** Exercise directions **
For this exercise, retype the lines from the one that holds "The stagecoach rides" through the one that holds "Sky Eye-Duo Pro" in the records below, both included, exactly and without pictures.

** Records to process **
###

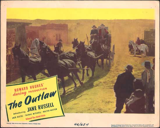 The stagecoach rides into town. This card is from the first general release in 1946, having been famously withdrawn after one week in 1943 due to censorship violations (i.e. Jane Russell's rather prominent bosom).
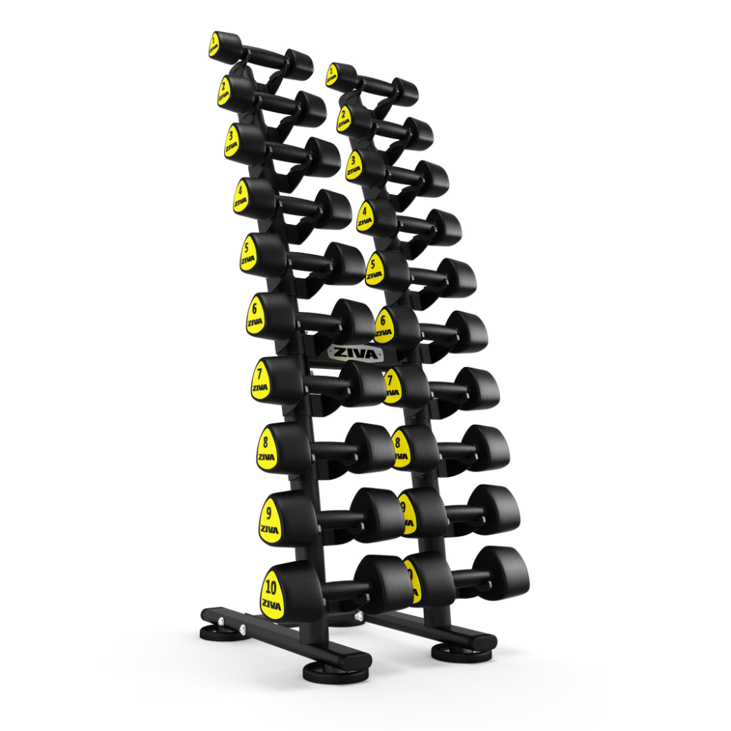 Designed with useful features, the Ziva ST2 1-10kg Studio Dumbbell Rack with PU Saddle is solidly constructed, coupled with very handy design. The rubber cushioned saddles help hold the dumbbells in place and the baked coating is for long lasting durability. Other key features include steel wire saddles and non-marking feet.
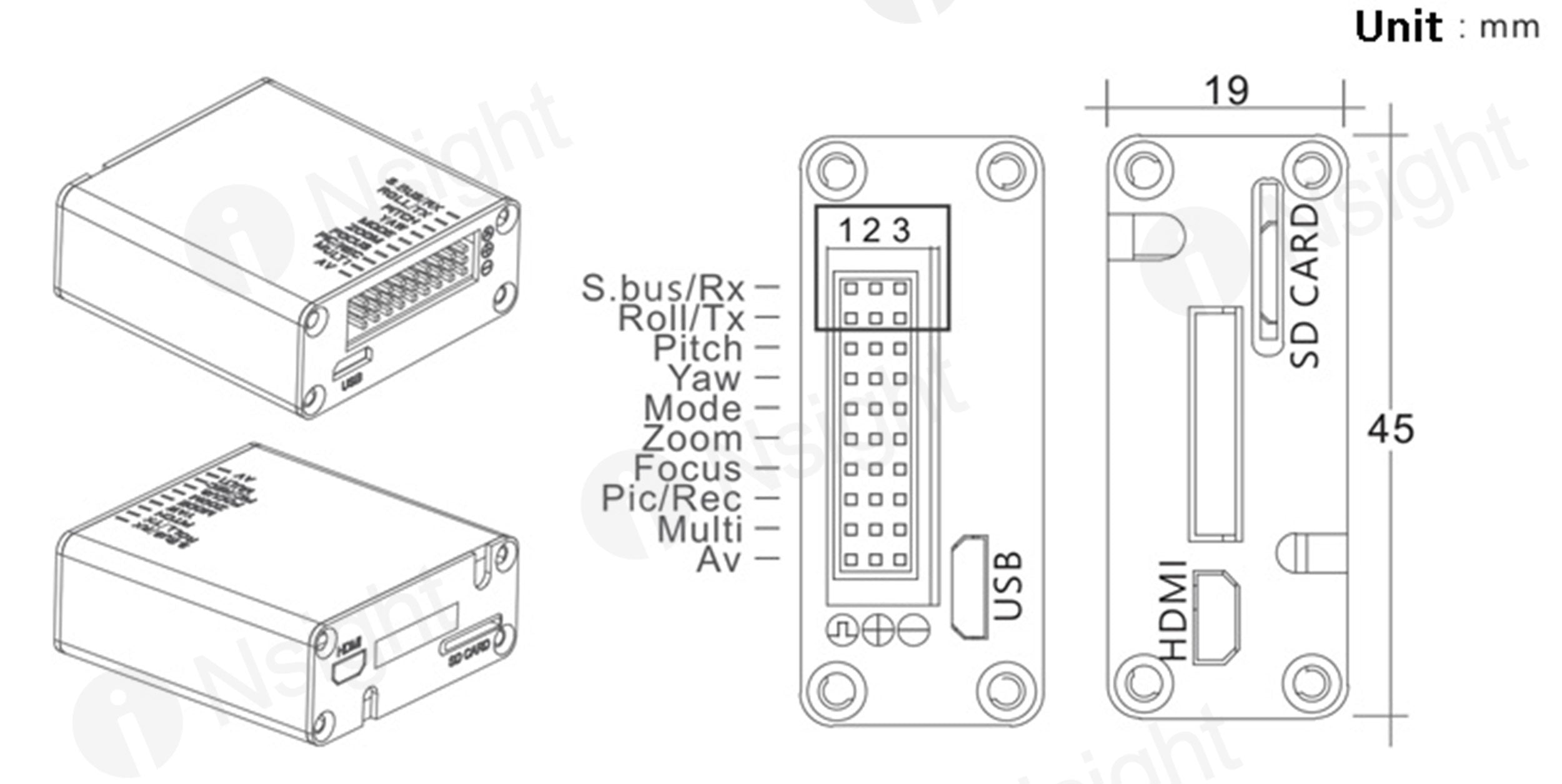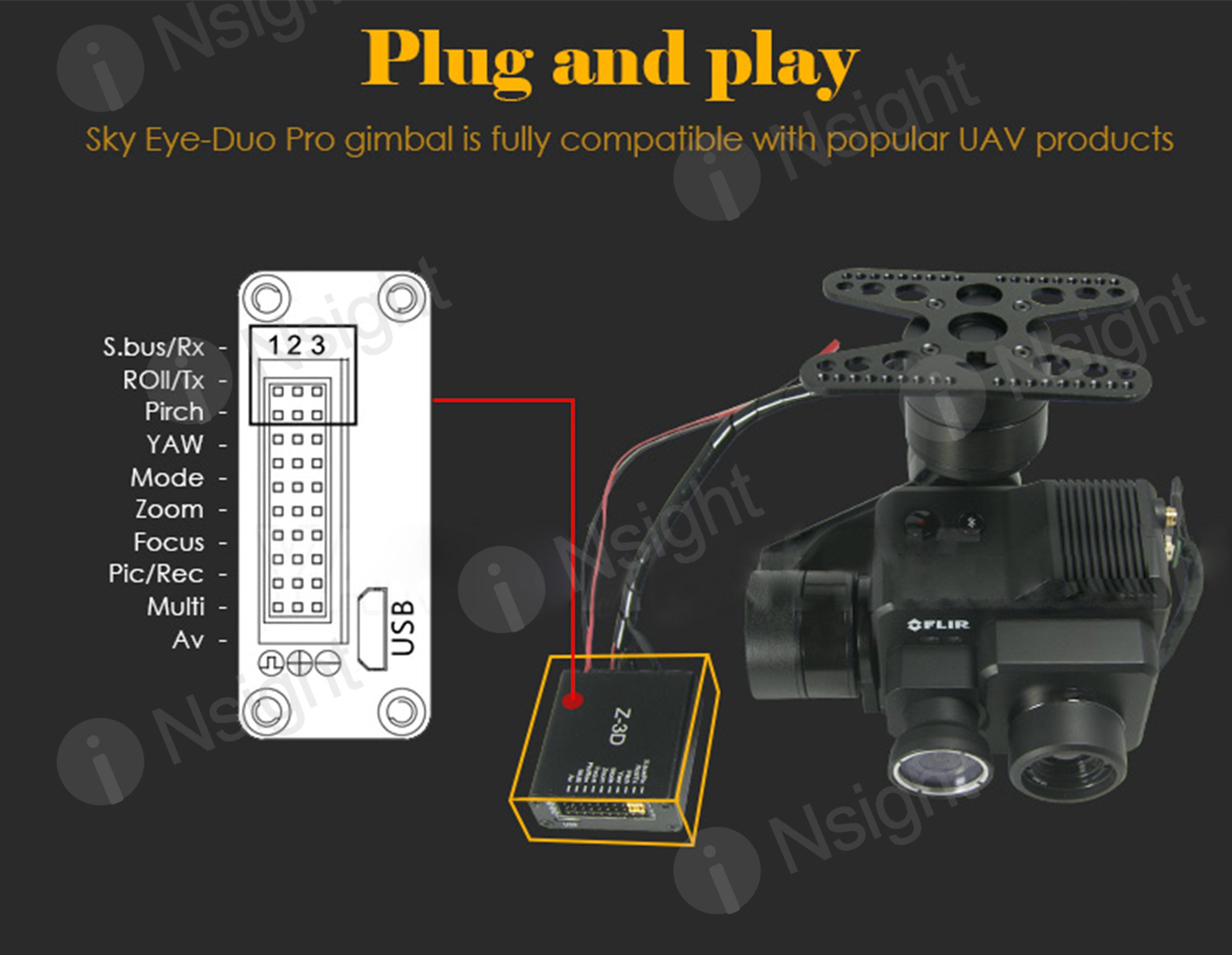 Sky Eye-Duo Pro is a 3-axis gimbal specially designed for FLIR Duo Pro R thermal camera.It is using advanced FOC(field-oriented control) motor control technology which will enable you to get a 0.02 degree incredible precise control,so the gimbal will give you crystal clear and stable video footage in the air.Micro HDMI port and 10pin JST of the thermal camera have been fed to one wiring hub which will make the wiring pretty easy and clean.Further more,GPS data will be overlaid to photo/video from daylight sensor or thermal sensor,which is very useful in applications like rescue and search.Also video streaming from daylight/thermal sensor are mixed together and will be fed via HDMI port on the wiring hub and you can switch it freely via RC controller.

###

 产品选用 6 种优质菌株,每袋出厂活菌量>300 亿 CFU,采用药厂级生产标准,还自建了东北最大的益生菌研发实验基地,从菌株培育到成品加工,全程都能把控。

###

** Output of the exercise **
 The stagecoach rides into town. This card is from the first general release in 1946, having been famously withdrawn after one week in 1943 due to censorship violations (i.e. Jane Russell's rather prominent bosom).
 Designed with useful features, the Ziva ST2 1-10kg Studio Dumbbell Rack with PU Saddle is solidly constructed, coupled with very handy design. The rubber cushioned saddles help hold the dumbbells in place and the baked coating is for long lasting durability. Other key features include steel wire saddles and non-marking feet.
 Sky Eye-Duo Pro is a 3-axis gimbal specially designed for FLIR Duo Pro R thermal camera.It is using advanced FOC(field-oriented control) motor control technology which will enable you to get a 0.02 degree incredible precise control,so the gimbal will give you crystal clear and stable video footage in the air.Micro HDMI port and 10pin JST of the thermal camera have been fed to one wiring hub which will make the wiring pretty easy and clean.Further more,GPS data will be overlaid to photo/video from daylight sensor or thermal sensor,which is very useful in applications like rescue and search.Also video streaming from daylight/thermal sensor are mixed together and will be fed via HDMI port on the wiring hub and you can switch it freely via RC controller.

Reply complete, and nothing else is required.